Xai-Xai is another 500 kilometres further on, through dusty towns now looking more European than African, and on a road which improves the closer it gets to the national capital of Maputo. We book into a lodge for a couple of nights at Xai-Xai Beach, and it is here that we come across holidaying South Africans for the first time in a long time. They
don’t seem to venture much further north than the relatively safe countries of Namibia, Botswana and southern Mozambique, and many times when we’ve described our trip to a South African they’ve looked horrified and told us we are foolhardy and asking for trouble. I suggest to Neil that this reaction must be because they live with danger on a day-to-day basis and assume that it’s worse in more ‘uncivilised’ countries, but Neil has a simpler explanation: the general population can afford neither the cost nor the time to travel to Uganda or Kenya. If they are going to fly to a holiday destination they’re likely to choose Europe or Egypt or Madagascar, where they’ll be able to have a new experience and a different culture to explore. This time I’m backing my theory.

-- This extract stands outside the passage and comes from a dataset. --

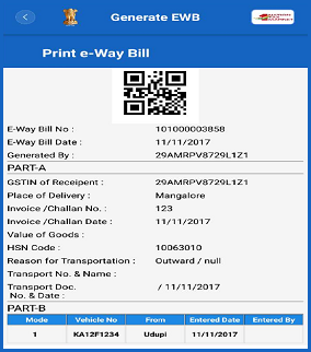 e-Way Bill number generated

Back at the Xai-Xai Beach Resort our neighbours unload iceboxes from their bakkies (utes) and talk to each other loudly with snapped grainy Afrikaans accents that I find hard to understand. The men are all big and noisy, wear flip-flops and short shorts and have unruly hair and straining beer-bellies. Their women wear tight Capri pants and glitter on their tops and sandals. They busy themselves wrapping potatoes in foil and making big spiralled coils with long links of boerewors, those thick, meaty sausages so loved by South Africans. In no time the group has taken over the pool and braai area and a ghetto-blaster is positioned in a strategic spot. The smell of frying boerewors and the pop of brandy bottles dances our way and the ghetto-blaster starts up. This music is a strange marriage of styles, half German oompah military and half country and western, but it’s good. They are having a marvellous time and invite the rest of us to join them.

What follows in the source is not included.